== AVAILABLE DATA ==
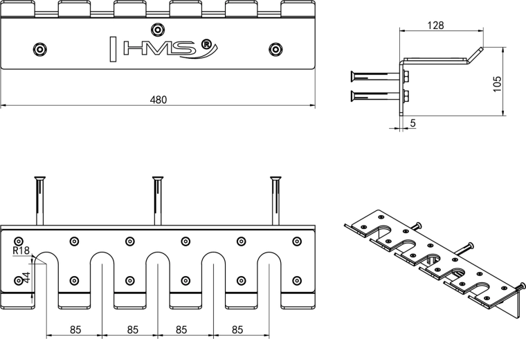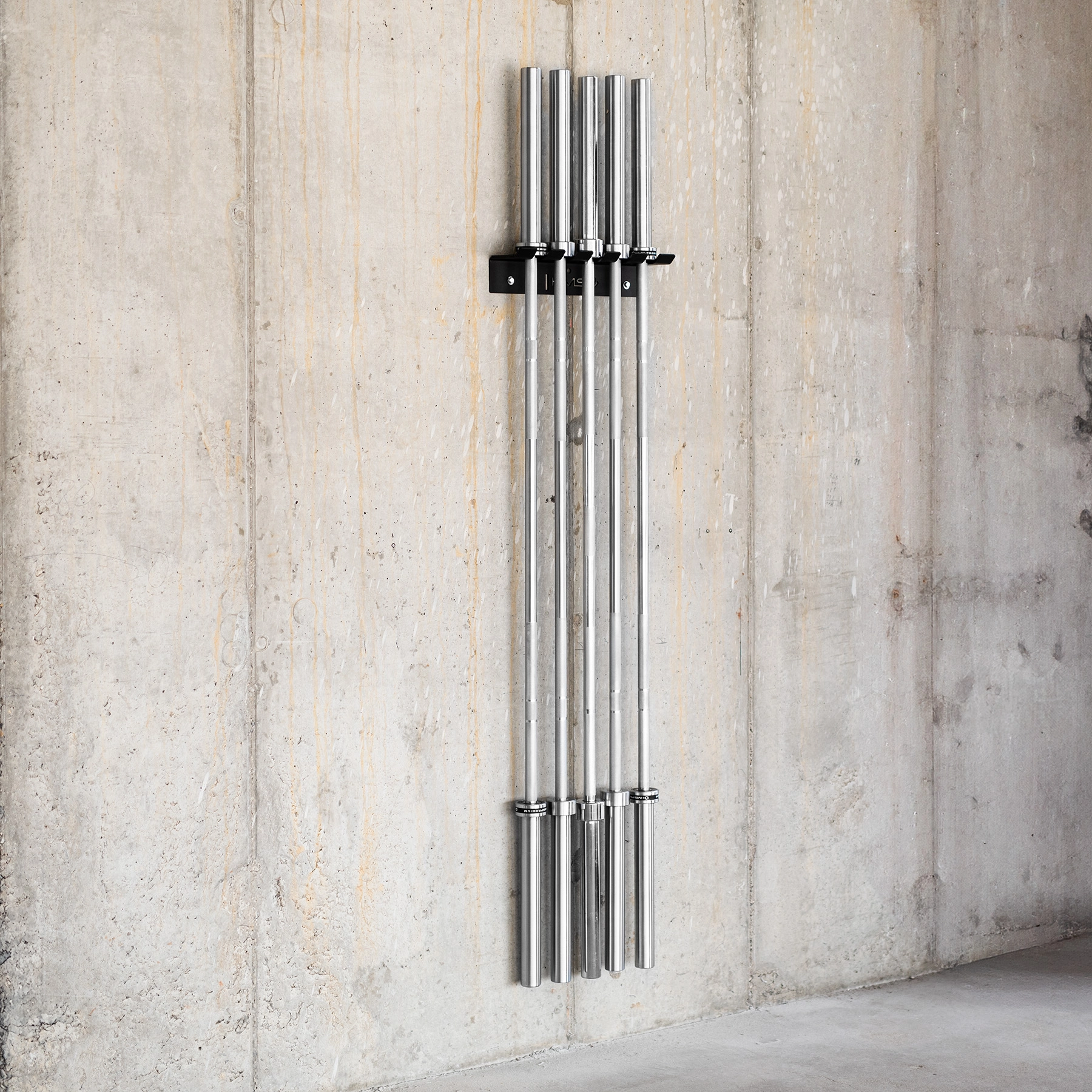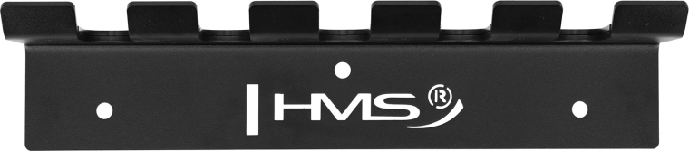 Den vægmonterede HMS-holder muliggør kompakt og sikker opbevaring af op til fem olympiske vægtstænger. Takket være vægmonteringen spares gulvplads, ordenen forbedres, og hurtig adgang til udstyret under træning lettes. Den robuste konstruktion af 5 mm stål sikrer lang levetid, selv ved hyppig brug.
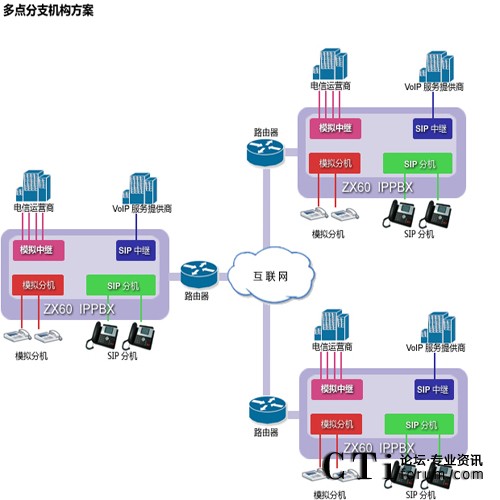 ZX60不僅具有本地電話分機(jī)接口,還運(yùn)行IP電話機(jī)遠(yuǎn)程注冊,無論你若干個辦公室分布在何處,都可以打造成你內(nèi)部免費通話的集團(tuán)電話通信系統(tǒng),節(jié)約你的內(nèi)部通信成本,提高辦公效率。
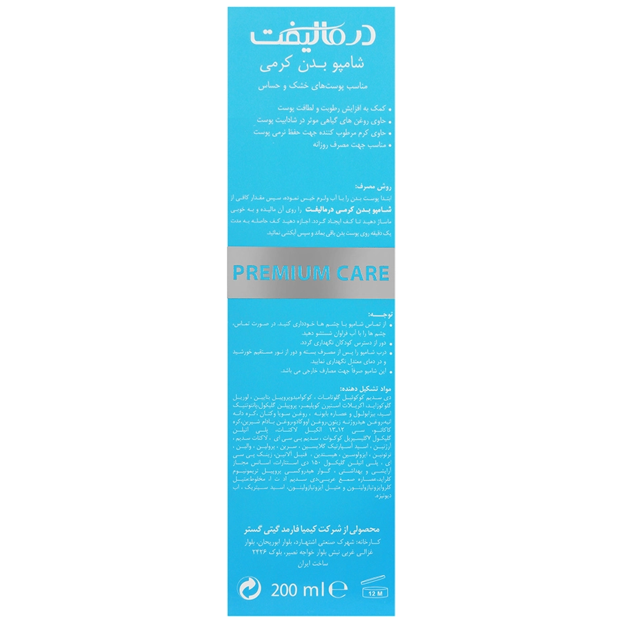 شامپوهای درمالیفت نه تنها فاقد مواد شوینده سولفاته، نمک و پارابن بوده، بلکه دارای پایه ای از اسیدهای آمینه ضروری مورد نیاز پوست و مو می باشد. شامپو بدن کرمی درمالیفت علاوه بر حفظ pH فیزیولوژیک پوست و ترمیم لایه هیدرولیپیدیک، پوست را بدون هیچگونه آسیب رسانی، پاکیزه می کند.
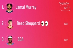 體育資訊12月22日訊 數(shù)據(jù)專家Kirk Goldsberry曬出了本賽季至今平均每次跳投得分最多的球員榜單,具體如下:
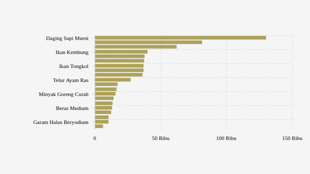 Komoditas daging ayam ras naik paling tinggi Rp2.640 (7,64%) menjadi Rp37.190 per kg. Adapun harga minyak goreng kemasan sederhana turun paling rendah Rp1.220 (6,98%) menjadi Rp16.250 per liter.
===
== AVAILABLE DATA ==
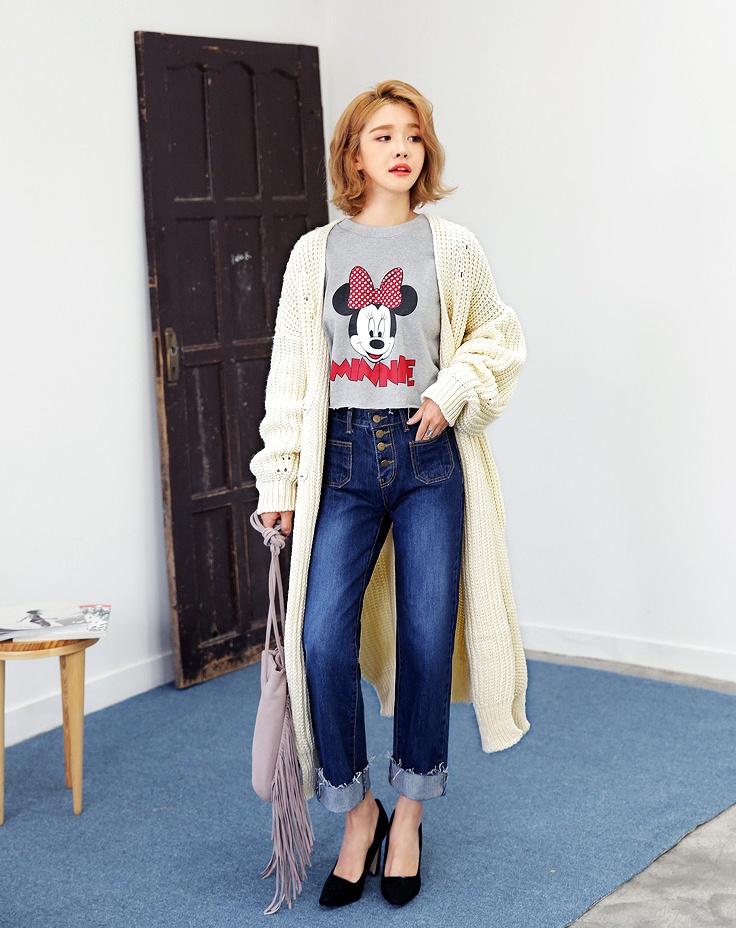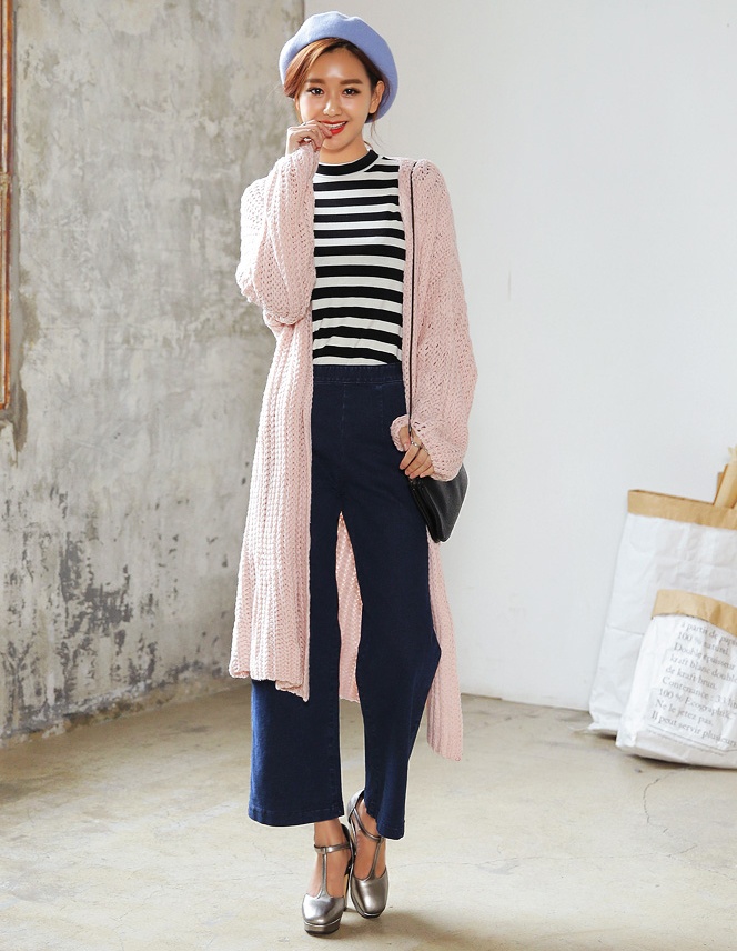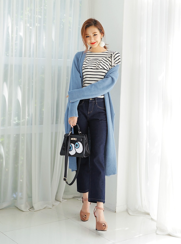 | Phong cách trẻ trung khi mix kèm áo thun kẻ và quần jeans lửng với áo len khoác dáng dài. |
===
== AVAILABLE DATA ==
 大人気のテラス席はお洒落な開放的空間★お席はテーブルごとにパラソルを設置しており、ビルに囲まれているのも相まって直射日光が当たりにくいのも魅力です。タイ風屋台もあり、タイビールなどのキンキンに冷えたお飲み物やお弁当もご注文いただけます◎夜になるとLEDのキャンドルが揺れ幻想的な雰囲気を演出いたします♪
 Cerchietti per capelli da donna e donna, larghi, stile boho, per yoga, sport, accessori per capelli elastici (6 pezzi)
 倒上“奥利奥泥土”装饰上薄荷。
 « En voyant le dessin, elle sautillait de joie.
===
## WHAT YOU SHOULD DO
Reproduce, word for word, everything in the listing above from the line containing "شامپوهای درمالیفت نه" down to the line containing "Komoditas daging ayam", both of them included. No pictures.

## RESPONSE TO THE TASK
 شامپوهای درمالیفت نه تنها فاقد مواد شوینده سولفاته، نمک و پارابن بوده، بلکه دارای پایه ای از اسیدهای آمینه ضروری مورد نیاز پوست و مو می باشد. شامپو بدن کرمی درمالیفت علاوه بر حفظ pH فیزیولوژیک پوست و ترمیم لایه هیدرولیپیدیک، پوست را بدون هیچگونه آسیب رسانی، پاکیزه می کند.
 體育資訊12月22日訊 數(shù)據(jù)專家Kirk Goldsberry曬出了本賽季至今平均每次跳投得分最多的球員榜單,具體如下:
 Komoditas daging ayam ras naik paling tinggi Rp2.640 (7,64%) menjadi Rp37.190 per kg. Adapun harga minyak goreng kemasan sederhana turun paling rendah Rp1.220 (6,98%) menjadi Rp16.250 per liter.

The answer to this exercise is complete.